As technology continues to infiltrate into our lives, so too does the dark side of it. So why can’t we stop these menacing robocalls? Legit phone calls are now managed in the same protocol as the litany of robocalls, and nothing is being done to eradicate them. They are a perpetual virus whose only inoculation is not to pick up.
I’ve registered all my phone numbers to the “Do Not Call” registry, and I’m beginning to believe that maybe I reported it to a site exclusively for hustlers. The robocalls have gained such traction that a real phone call’s legitimacy is now in question—a bizarre paradigm shift.
Friends who have had landlines meant for emergencies now depend exclusively on their mobiles. Both are now infected with robocalls held hostage by these bilkers. Meanwhile, like Pavlov’s dog, we are all still somewhat programmed to reach for the phone when it rings.
If you pick up a robocall and pause for a few seconds, then the system knows to take you to the next tier where you’re considered engaged. Your call is then redirected to a representative who has a threatening or scamming message for those that are vulnerable. The goal is to get out of that immediate cue, and the best way is not to answer. It’s manageable for us but terrifying for seniors who trust they are receiving a genuine call, not a predatory one, which is precisely what these are. Global spam calls grew 325% in 2018 to 85 billion worldwide, with 45% of all mobile calls in the US being robocalls.
I told one scammer to remove me from his list. I asked if he’s acquainted with a mutual friend of ours named Karma. That’s when he went off-script. I let him know I was confident he could transcend these same skills into something legitimate and reputable. A call he might have regretted making because he apologized and hung up. Perhaps it was the query of whether his mother knows he’s doing this for a living and what would she think?

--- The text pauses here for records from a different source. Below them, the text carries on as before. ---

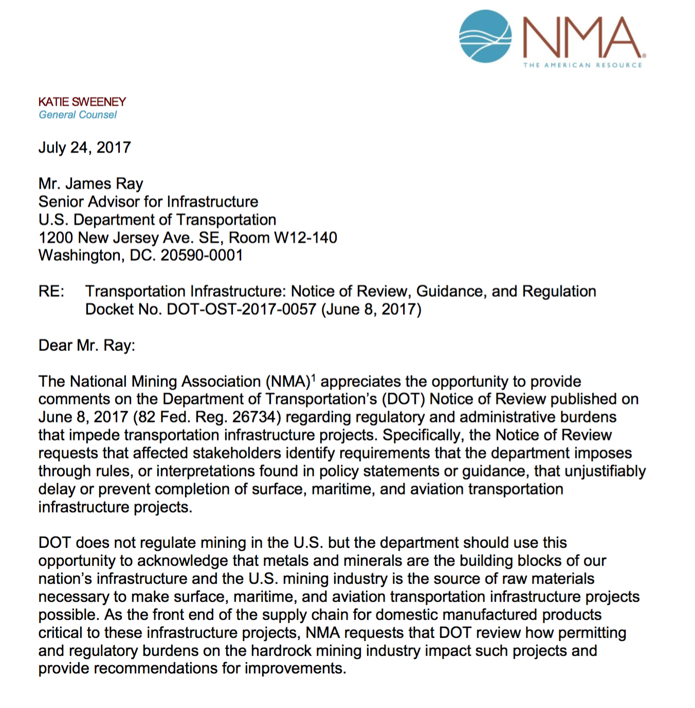 NMA’s Comments to the Department of Transportation: Regulatory Burdens Impeding Transportation Infrastructure Projects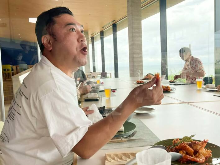 続いて一行は、絶景の海を眺めながら絶品ステーキが食べられるレストランへ。有吉は超高額のTボーンステーキを注文。有吉以外のメンバーも注文をしようとすると、マイペースな有吉が乾杯も待たずに1人で先にビールをゴクゴクと飲み始める。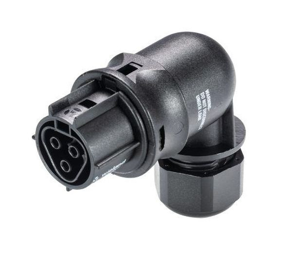 RST20i3 Steckverbinder, gewinkelt 90°, Polzahl 3, Buchse, Anschlussart Federkraftanschluss, Bemessungsspannung 250 V, Bemessungsstrom 20 A, Kabeldurchmesser 10 - 14 mm, Codierfarbe / Kontakteinsatz schwarz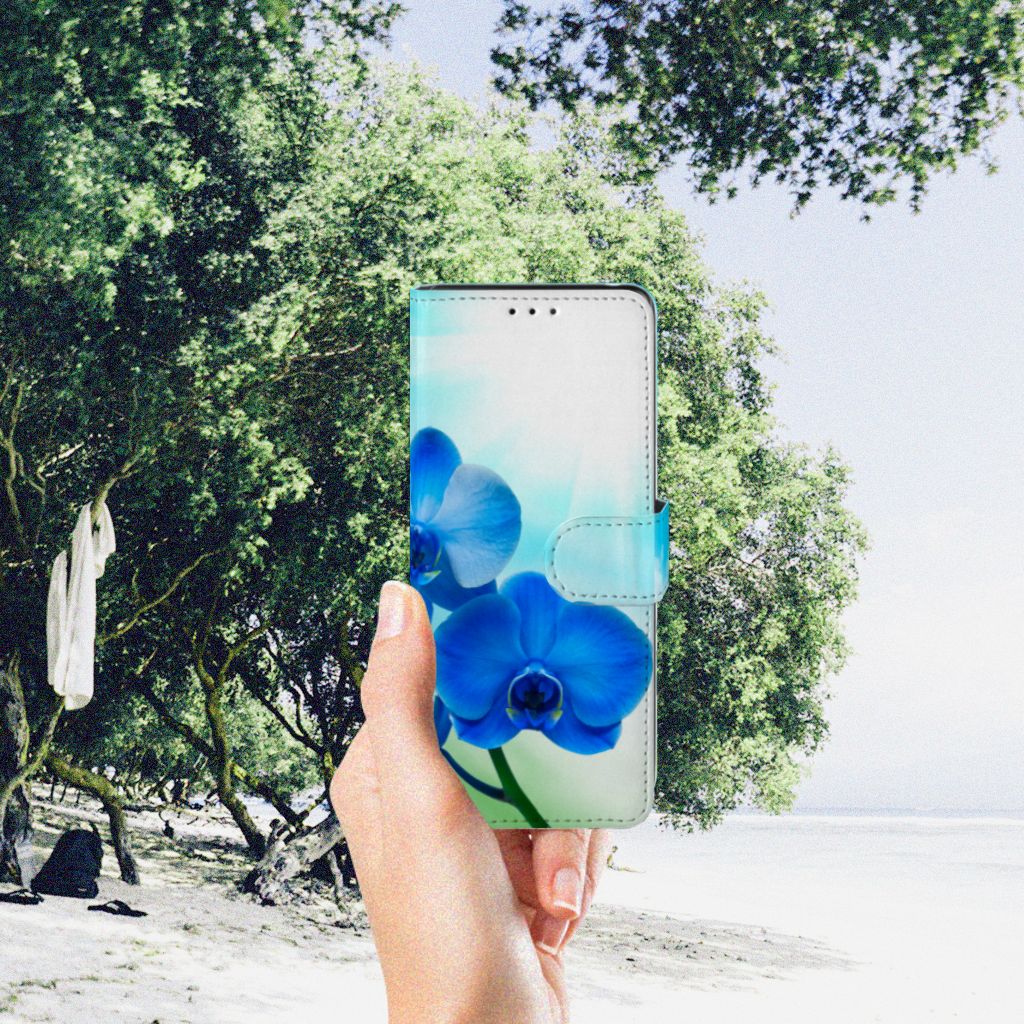 Sony Xperia L4 Hoesje met magnetische sluitclip Orchidee Blauw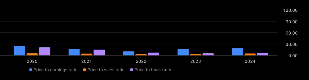 Both, the Gross margin and the Net margin are pretty stable over the years. This is something that I like to see. In 2024 the Gross margin was 56.21% and the Net margin was 25.95%. In my opinion these are good readings. We can see from the graph that there is a decrease in the Return on Equity (ROE). In 2024 the ROE was 42.25%. Despite the decrease in this metric over the years I am happy with the latest number.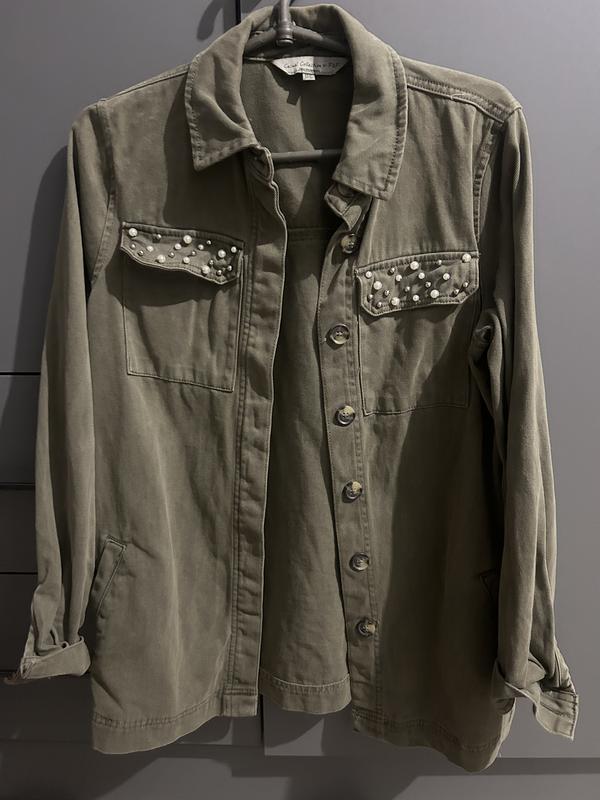 Джинсовый пиджак жакет хаки!Цвет насыщен как новый СтокПо бірці МДлина-77 см Полу обхват груди-48 см тянется От плеча до плеча- 39 см Рукав от горлишка- 73 см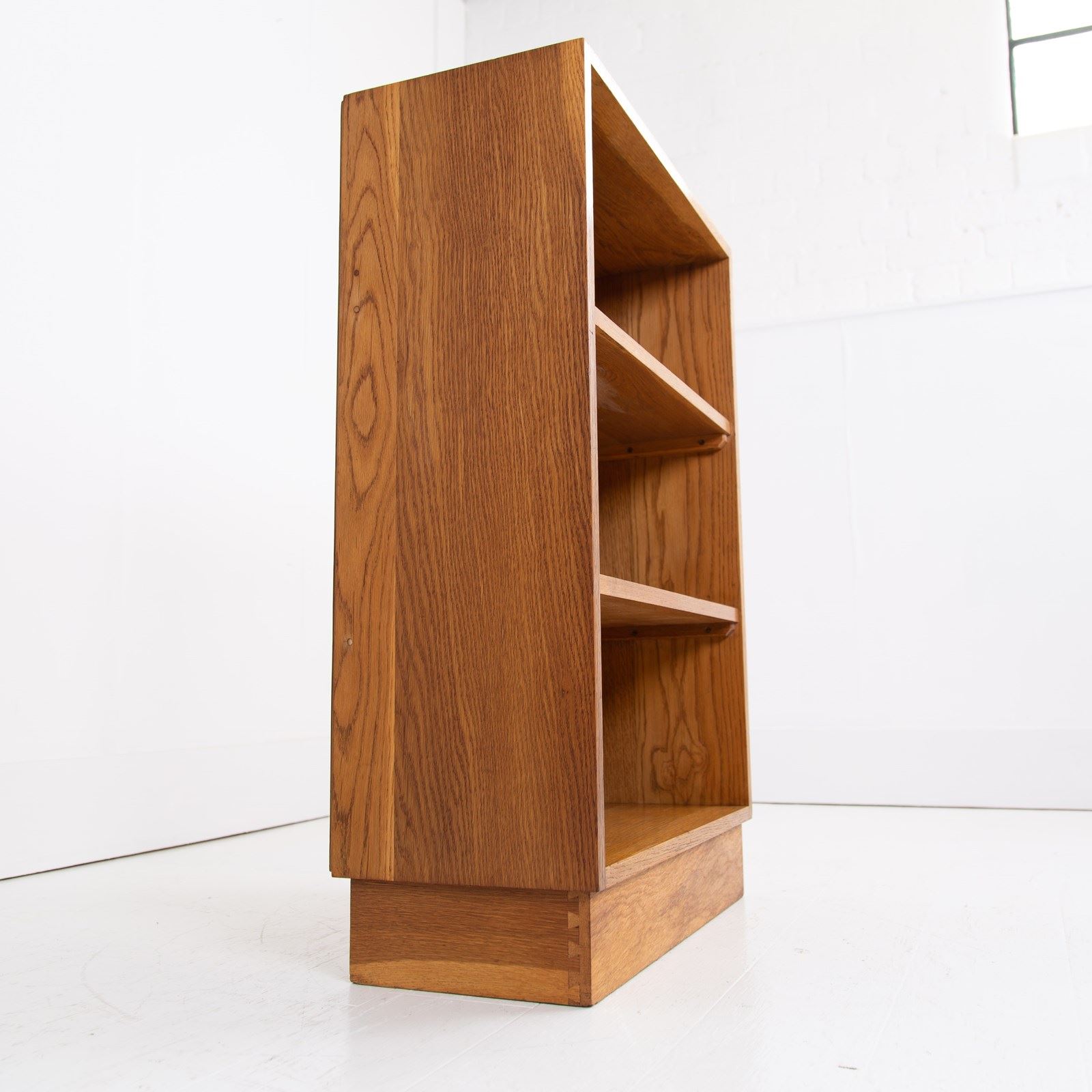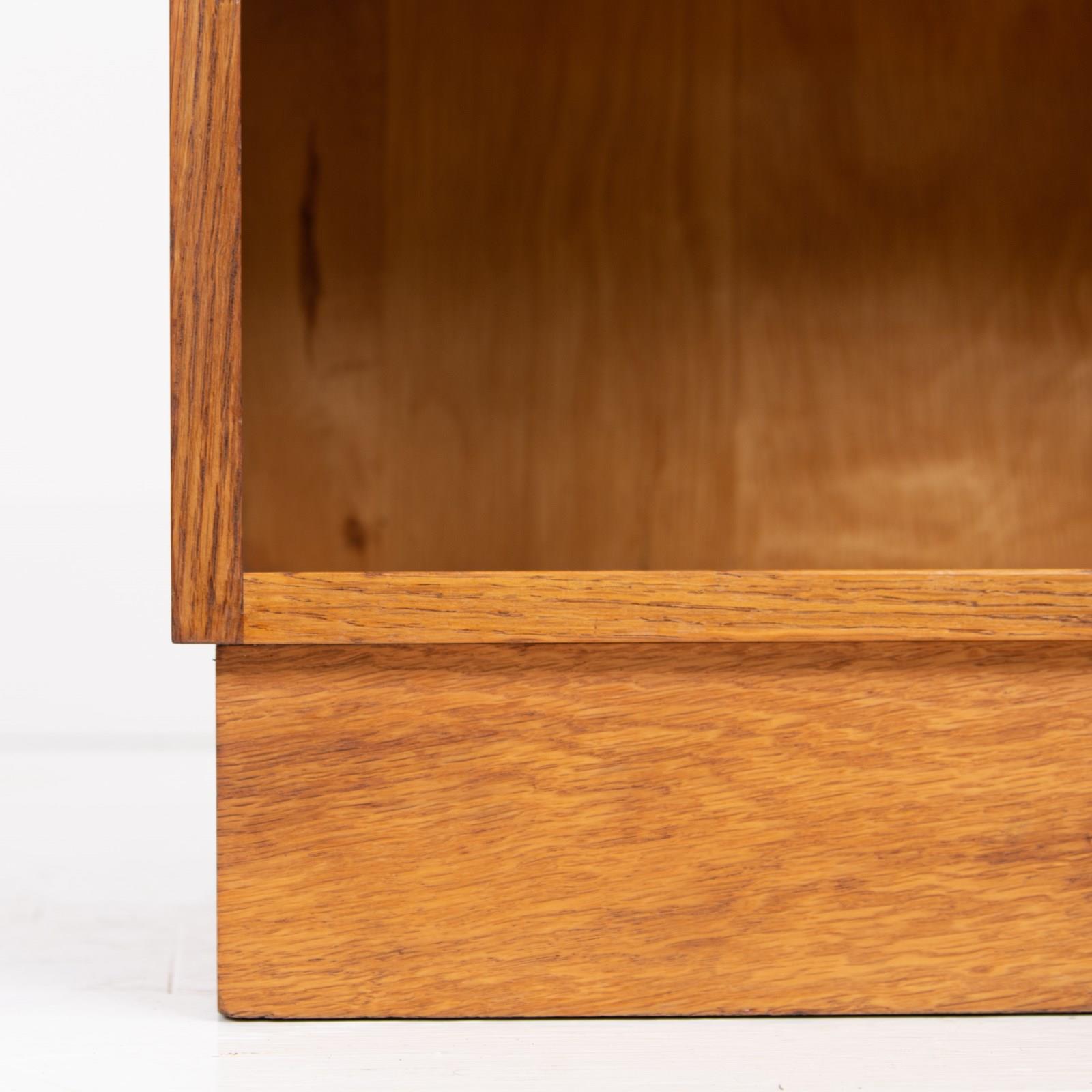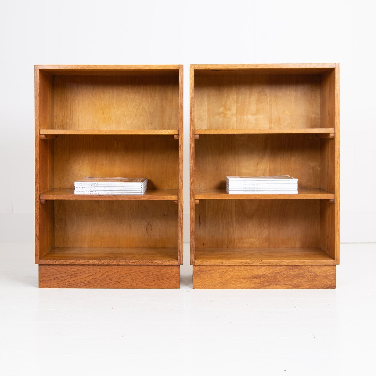 Great looking and slightly military issue in appearance pair of matching oak bookcases C1950. Liking the look of these modernist designed bookcases with the finger joints in the oak at the top, mimicked in the inverted bases - they possess a simple and effortless look.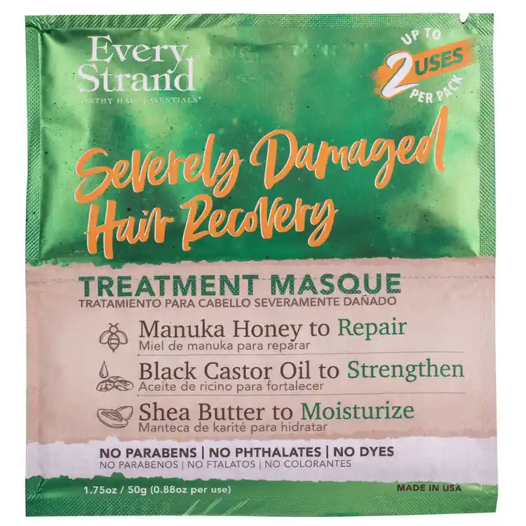 Mascarilla de tratamiento para la recuperación del cabello severamente dañado. Repare el daño y restablezca la suavidad con la mascarilla de tratamiento con infusión emoliente de Every Strand. Seguro de usar en todo tipo de cabello. • Miel de manuka para reparar. • Aceite de ricino negro para fortalecer. • Manteca de karité para hidratar. CÓMO UTILIZARLO: Después del champú, aplicar una pequeña cantidad sobre el cabello húmedo desde la raíz hasta las puntas. Dejar en 5-7 minutos. Enjuague bien. Úselo según sea necesario para una hidratación intensa y manejabilidad. Tratamiento en sobre, contenido: 50g.
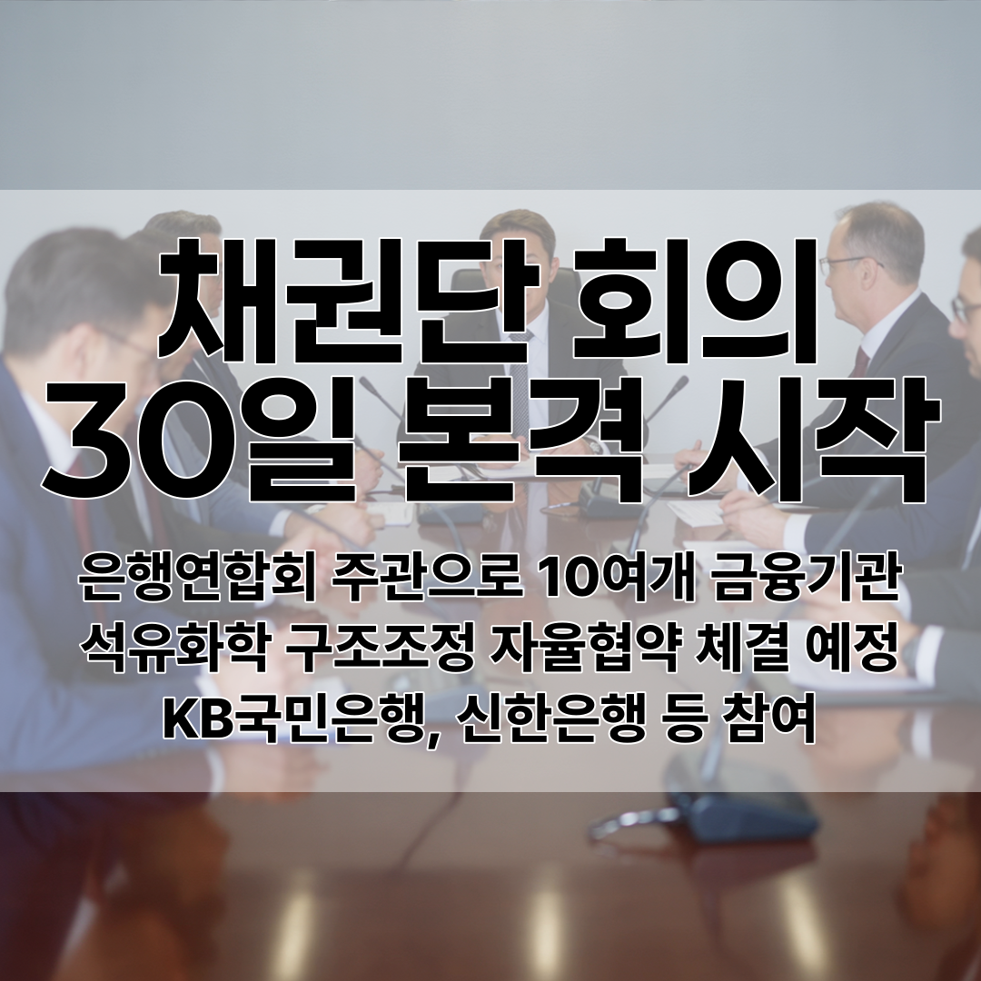 KB국민은행, 신한은행, 산업은행을 포함한 10여개 주요 금융기관이 참여하는 채권단 자율협약이 체결될 예정이에요. 이번 협약은 석유화학 업계의 유동성 위기를 해결하기 위한 핵심 방안으로 주목받고 있습니다.

No corporation has immunity. The CRA, the federal agency of seriousness, has been stooped, posing as though a team of officers is waiting outside your door, as have AmEx, Visa, MasterCard, Chartered Banks and a slew of others claiming to give you money. No one, especially a financial institution of any type, will give you a dime, which has me wondering how unimaginative and dumb these swindlers are with such a lame opening line. This type of popularity I can live without.
Our wireless provider recently added what I believed was an automated female voice calling pretending to be a representative and then transferring me to a woman going batshit crazy screaming. I recognized her because her sister called me earlier that day, doing the same thing. First, she’s civil, so you’ll hang on believing it’s legit, and besides, you’re lead to believe it’s your cell phone provider calling only to connect to her evil twin, who takes the call from there and spews the same script her altered ego presented earlier that day.
I can only hope that one day I will be able to access an app that will waste their time as the intention behind a robocall is to profit. The longer these scammers remain online without realizing their purpose, the less money they make.
It would be delicious to have an app of a middle-aged woman coughing, telling the scammer to hang on as she continues to cough, blaming it on a nut or allergy, whatever just stringing them along, coughing the entire time on a loop. There are apps that you can pay for that will turn the tables on the callers. But why should you? The least expensive way is not to pick up.
Until such an app is created, I am held hostage by nothing more than a glorified party line run by criminals.